→ **Available data**
+++

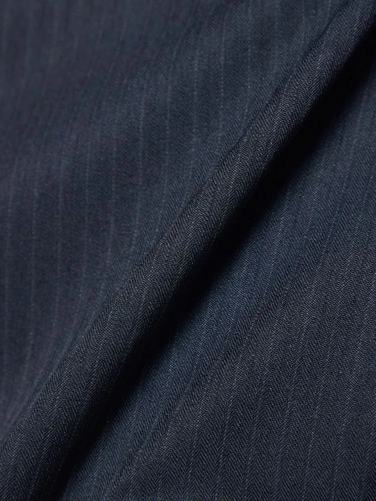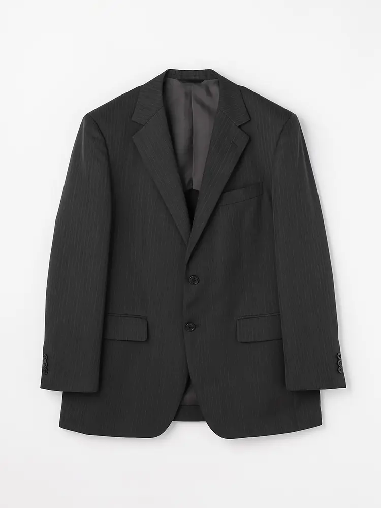 定番色にピンストライプ柄で、スタイリッシュにまとめたツーピーススーツ。
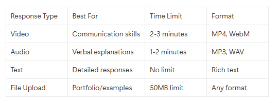 - Include video or audio responses
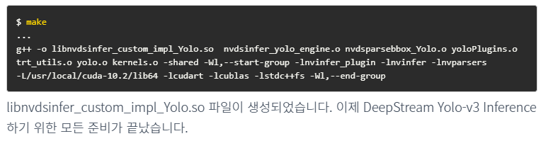 문제는 첫번째로 폴더에 권한 부여를 안해서 sudo make를 쓰더라도 libnvdsinfer_custom_impl_Yolo.so 파일이 생성되지 않았음. 아래 코드 사용하여 허가 후 재실행
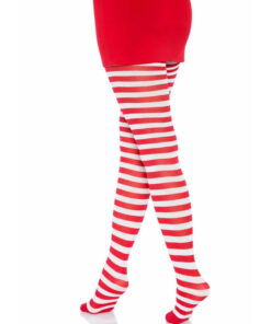 The specific design of these stockings stands out for the red and white stripes that run the entire length of the leg. The red and white stripes add an element of color and pattern that breaks up the simplicity of nylon, creating a dynamic and attractive visual effect. This striped pattern can vary in thickness and arrangement, allowing options for different tastes and styles.
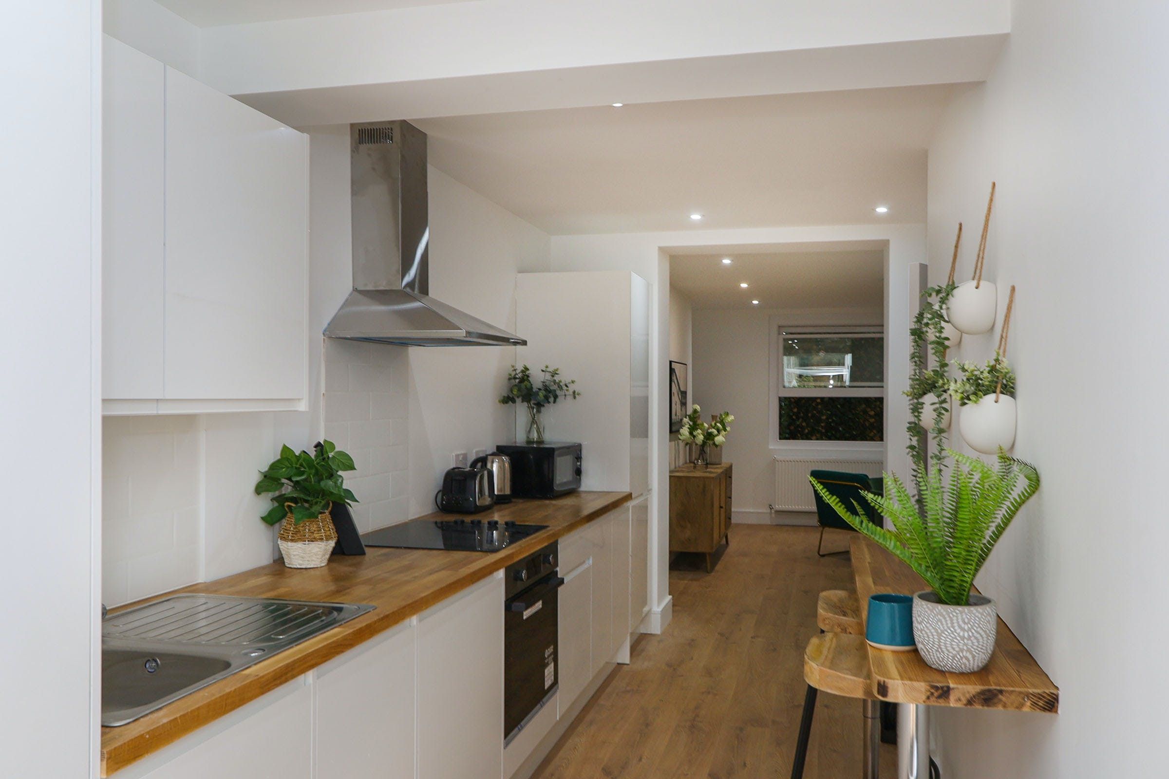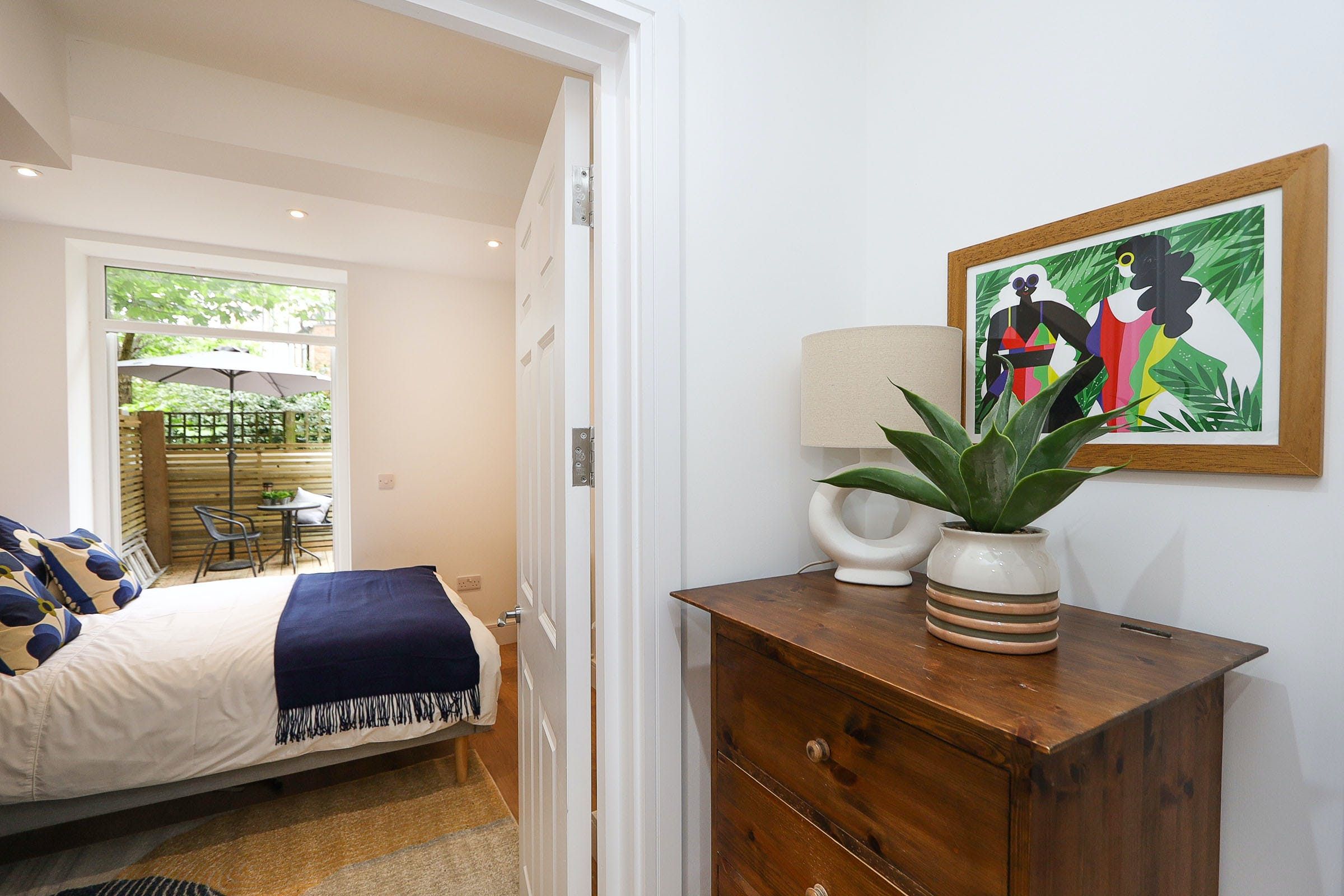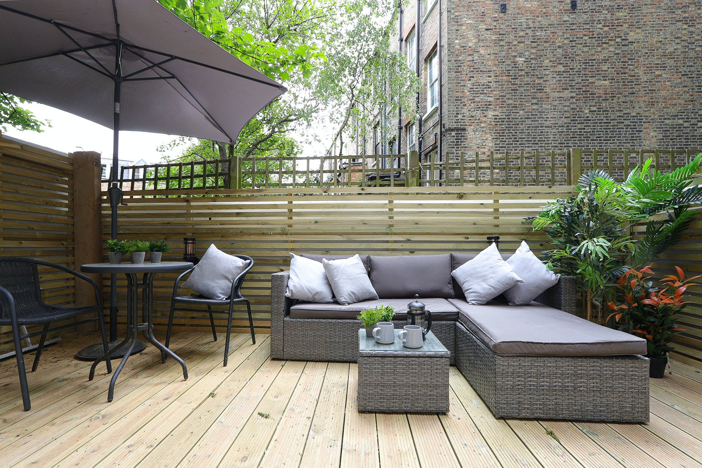In the village-like neighbourhood of Tufnell Park, there are loads of historic pubs, laid-back coffee shops and chi-chi restaurants to explore on your doorstep. Tufnell Park station is just a five-minute walk away, ready to whisk you into central London in a matter of minutes. The living room is an artfully designed spot with an open kitchen and dining area for meals at home. The real bonus is the private terrace with lounge and dining seating – ideal for coffee or drinks outside – which makes up for the basement position.

+++

→ **About this exercise**
Using the entries above, transcribe every line from the line containing "문제는 첫번째로 폴더에" through the line containing "The specific design". Do not copy pictures.

→ **Worked solution**
 문제는 첫번째로 폴더에 권한 부여를 안해서 sudo make를 쓰더라도 libnvdsinfer_custom_impl_Yolo.so 파일이 생성되지 않았음. 아래 코드 사용하여 허가 후 재실행
 The specific design of these stockings stands out for the red and white stripes that run the entire length of the leg. The red and white stripes add an element of color and pattern that breaks up the simplicity of nylon, creating a dynamic and attractive visual effect. This striped pattern can vary in thickness and arrangement, allowing options for different tastes and styles.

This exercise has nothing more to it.